George Ruetz was born September 23, 1893, in Racine, Wisconsin. He was later nicknamed "Babe" Ruetz as a play on the name of George Herman "Babe" Ruth, iconic slugger of the New York Yankees.

Beginning in 1910, Ruetz made a name for himself locally playing on various school and local semi-pro teams. He was elected the president of the Racine Football Association in August 1914, in charge of organizing the town semi-pro team that played that fall.

In 1918 Ruetz volunteered and became a member of the American armed forces, playing football for one of the many camp teams.

===NFL coaching career===

In 1921, Ruetz persuaded officials in the Racine post of the American Legion to sponsor a football team. Assisting in the club's creation through financial sponsorship was William Horlick, president of his family's eponymous malted milk company in Racine, a profitable firm of the day. Horlick also provided use of his company's employee ball yard, Horlick Athletic Field, for home games.

The Racine Horlick-Legion team joined the fledgling National Football League (NFL) in 1922, with Ruetz traveling to Canton, Ohio to make the $100 payment necessary to secure a club franchise for the legion.

The Racine Legion team remained an integral part of the NFL for three season, 1922 through 1924, during which Ruetz served as the team's head coach and general manager. Ruetz scheduled the team's first NFL game, played against the Chicago Bears on October 1, 1922, before a crowd of 4,000.

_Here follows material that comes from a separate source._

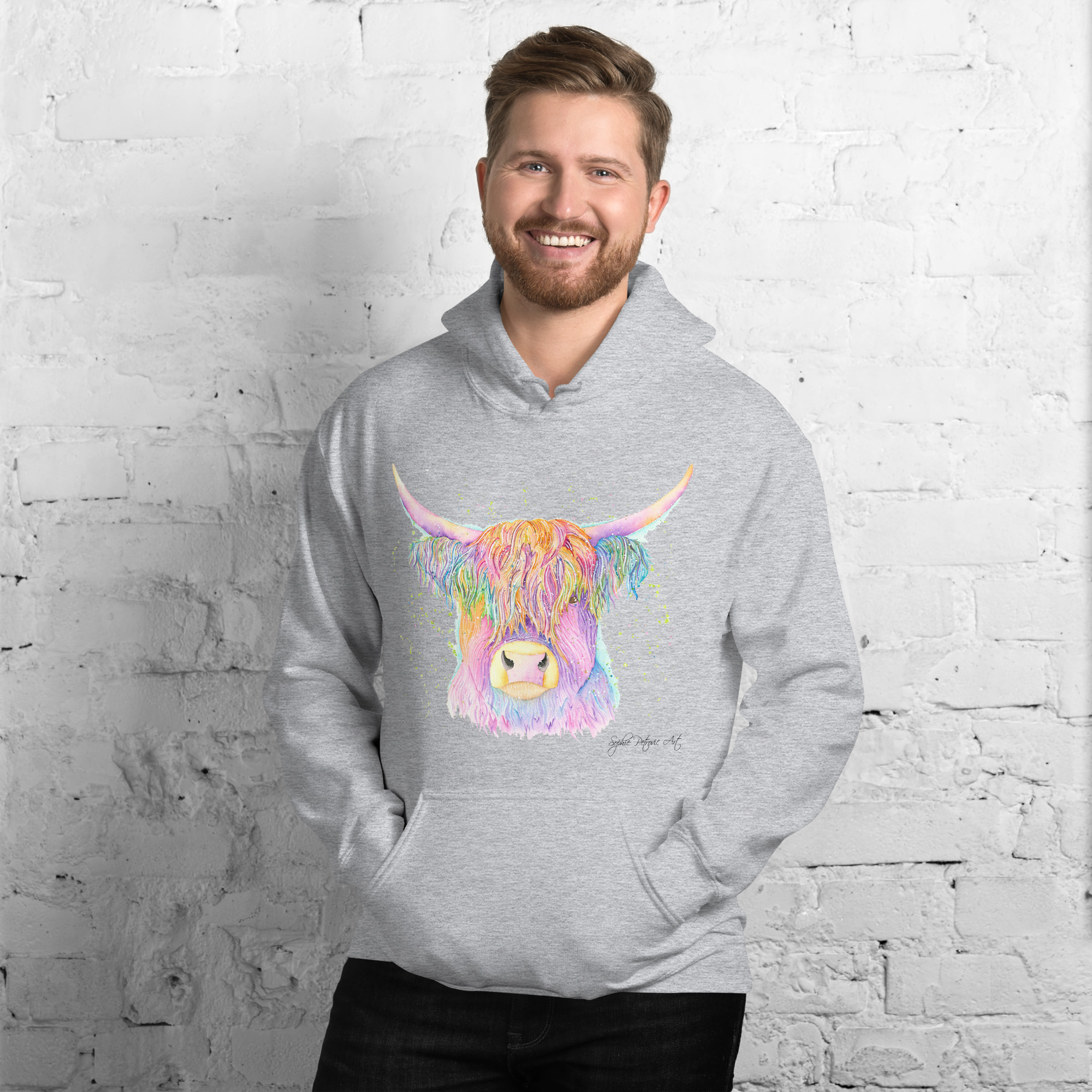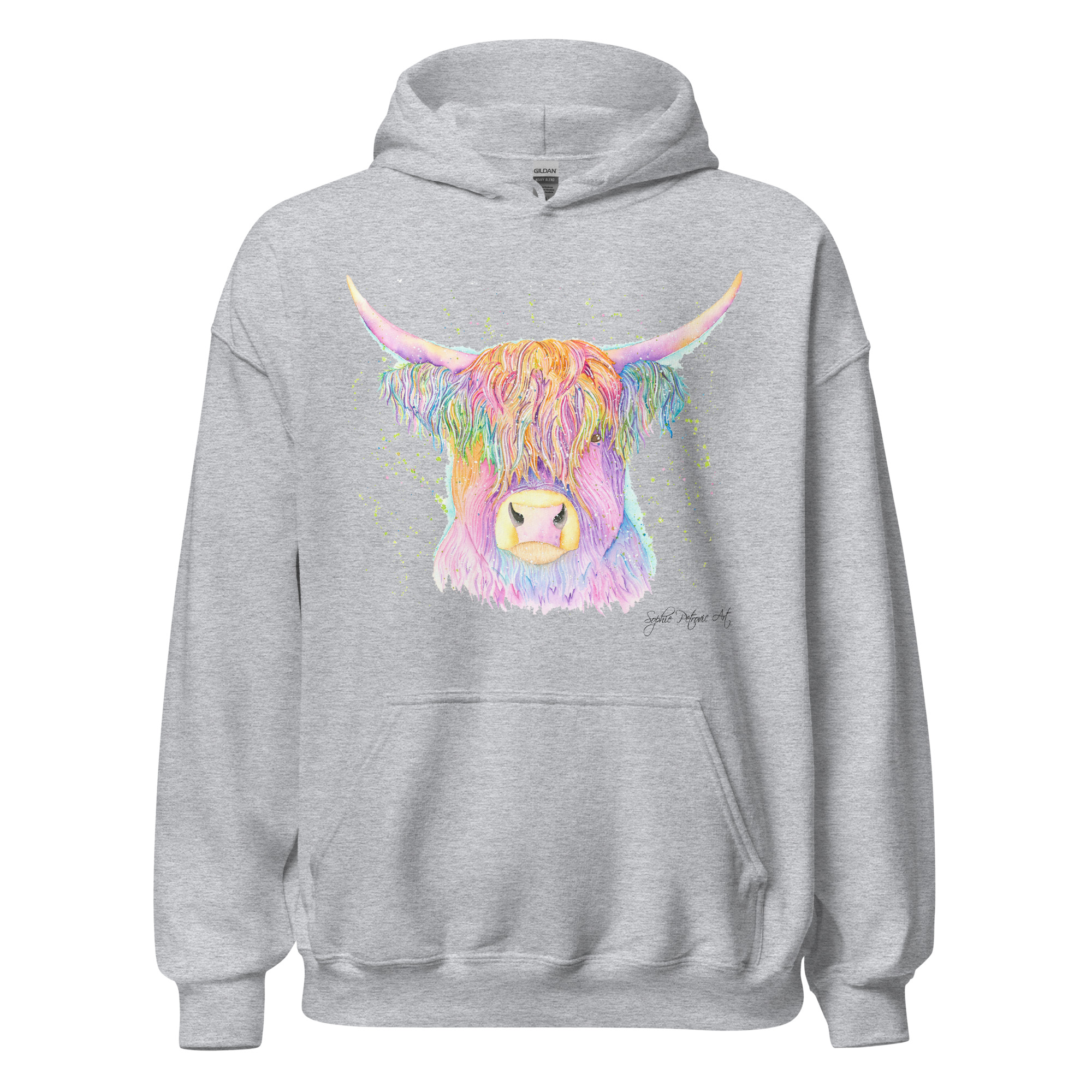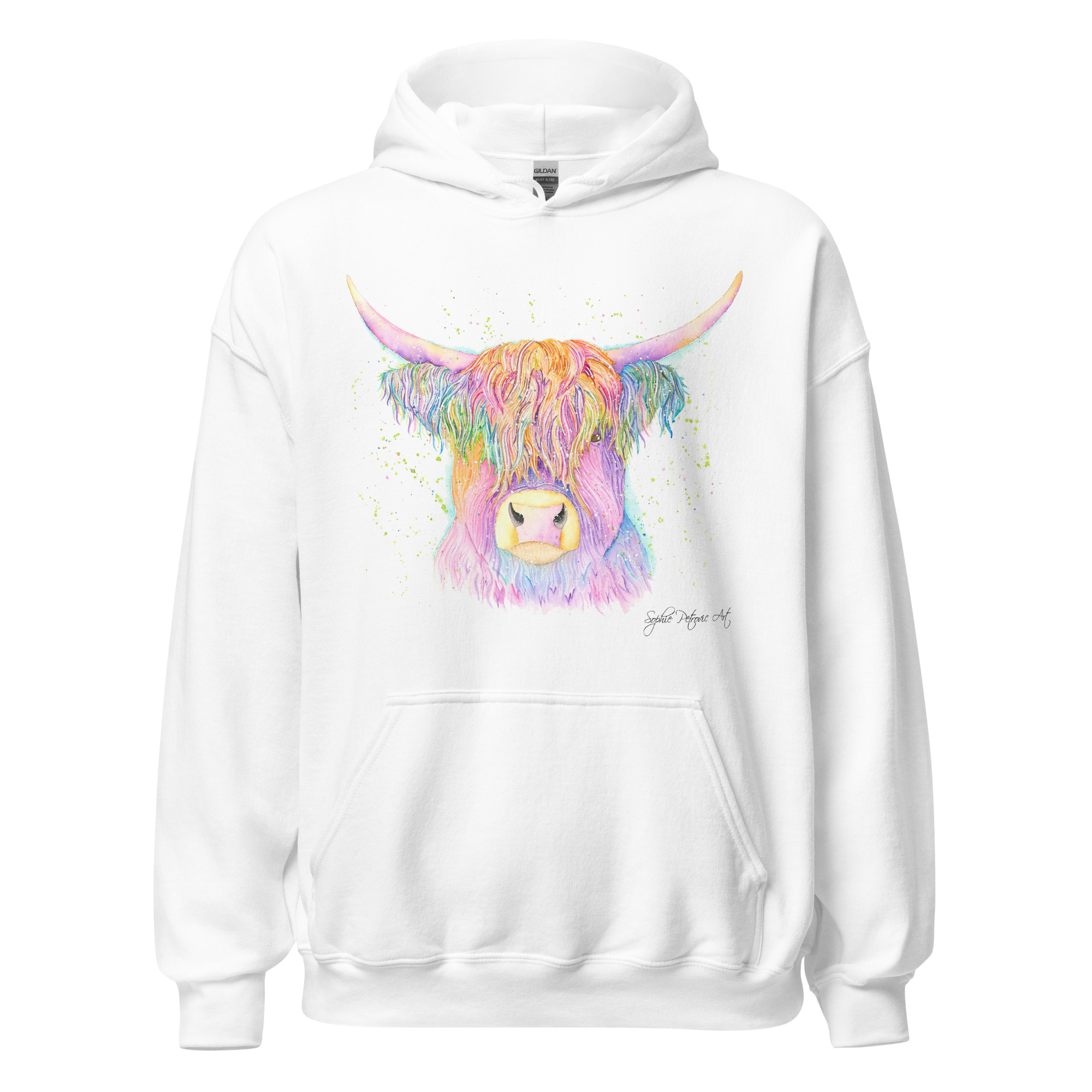 Adults' unisex Highland Cow hoodie featuring Hank, a vibrant watercolour design with a front pouch pocket by sophie petrovic artHank The Highland Cow Hoodie

Unfortunately, expenses outstripped revenues for the Horlick-Legion team and significant financial losses were accrued in 1922 and 1923. The Legion post solicited donations from local fans and hosted fundraising event in an effort to offset this negative cash flow, managing to cobble together funds enough to play one final season, that of 1924. Ruetz was forced to step back from his managerial role in this third season, burdened by the time needed to maintain his local grocery business.

During his three year time at the helm of the Racine NFL team, the club posted a record of 14 wins, 11 losses, and 6 ties, for an all-time winning percentage of .560.

===Life after football===

Outside of football, George owned and operated a grocery store in Racine. He was a prominent figure in Racine's North Side Businessmen's Association and a member of the Knights of Columbus, the Fraternal Order of Eagles, and the Benevolent and Protective Order of Elks.

Ruetz was active in promoting baseball in Racine during the summer of 1926, serving as Secretary and Treasurer of the Racine Baseball Association.

===Death and legacy===

George Ruetz died the night of May 24, 1927, at his home in Racine following a lengthy illness. He was just 33 years old at the time of his death. He was buried with full military honors at Holy Cross Catholic Cemetery in Racine on May 27.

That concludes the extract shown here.